Many years ago I visited a friend who was living in Nairobi with her husband and two little sons. One of the boys kept on calling out "Digga!" when we drove around town, pointing at the vehicles that were hard at work on road construction projects. As far as he was concerned the diggers, dumper trucks, and other machines he saw were the bees knees. He would have loved today's poetry title.
Digger Dozer Dumper
Illustrated by David Slonim
Picture Book
For ages 5 to 7
Candlewick Press, 2013, 978-0-7636-5078-0
There is something about trucks, diggers, cement mixers,
and other big vehicles that young children find irresistible. They love the
loud engine noises these machines make and will watch them at work for hours on
end. In this book children will meet eighteen of these wonderful machines and
they can figure out which of the machines is most like them.
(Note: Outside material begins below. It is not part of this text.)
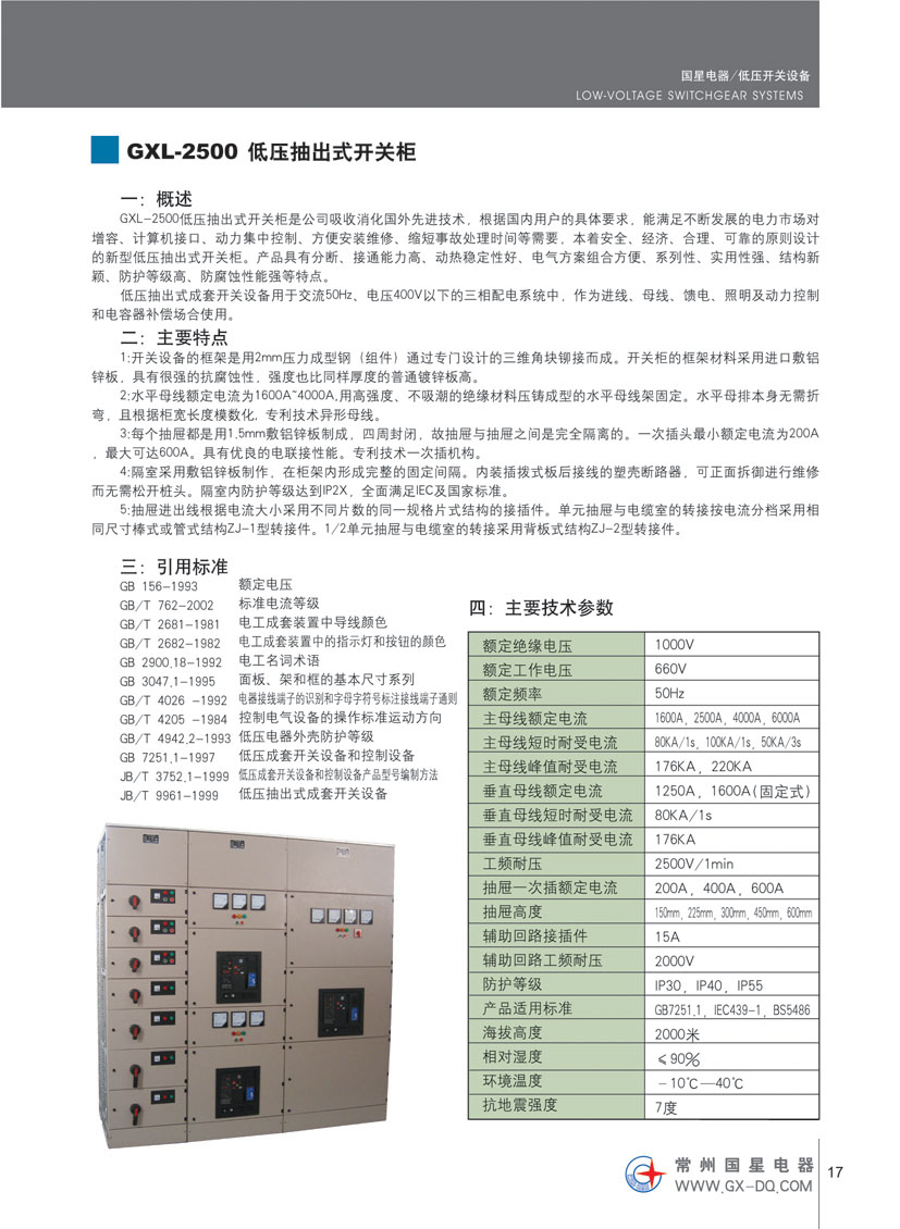 江蘇國(guó)星電器有限公司是國(guó)家定點(diǎn)生產(chǎn)“國(guó)星”牌低壓電器元件的專(zhuān)業(yè)公司,主要生產(chǎn)GXW45(DW45)、GXW50(DW50)、GXW2(DW15HH)系列智能型萬(wàn)能式斷路器;GXDK2智能型低壓真空斷路器;GXW1(DW16)系列萬(wàn)能式斷路器及由其派生的GXW1RD礦用斷路器;GXW1M、GXW2M自動(dòng)滅磁開(kāi)關(guān)榮獲國(guó)家發(fā)明專(zhuān)利、實(shí)用新型專(zhuān)利;DW15、DW15C及DWX15系列萬(wàn)能式斷路器; GXM1和GXM2系列塑料外殼式斷路器;GXM1L系列帶剩余電流保護(hù)塑料外殼式斷路器;GXM1LC漏電斷路器及漏電智能型斷路器;GXSQ2P雙電源自動(dòng)切換裝置;HD17(X)系列刀形隔離器;HS17(X)系列刀形轉(zhuǎn)換隔離器;Jz20系列接觸式繼電器。

Are they “slow and
steady” or “really strong?”
The first
machine that sweeps across the page is…you guessed it, the street sweeper.
Though this machine is perhaps not very glamorous, it is vital to getting rid
of all the things that make the streets in a busy town or city dirty or messy.
The street sweeper’s “steely whiskers whisper / as they gather dust and dirt,”
and the sweeper is “quiet and determined” not to “miss a spot.”
After getting to
know a garbage truck who “adores his work,” we meet a dump truck and a backhoe.
These hard working machines are vital to the success of a project that requires
the removal and placement of earth, rock and other materials. The dump truck is
“precise” and does not dump his load “just anywhere.” The backhoe is amazing
because it is two machines in one. Its “front end pushes dirt and rocks; / his
back end digs out muck.”
Unlike the dump
truck and backhoe, the skid-steer loader does not have a steering wheel.
Instead, it has two levers and being small it can zip and turn almost on the
spot. It can drill, push, lift, and dump.
As they read the
delightful poems in this book, children are going to enjoy looking at the artwork.
The vehicles described in the poems all have large eyes and very definite
personalities, and the people and dog that we meet on the first introductory
spread appear in all pictures thereafter. Children will enjoy seeing where the
dog will turn up next. Will the girl with the black curly hair be driving the
next vehicle or will the boy with the glasses? The clever ending perfectly
wraps up the narrative, giving children something to think about.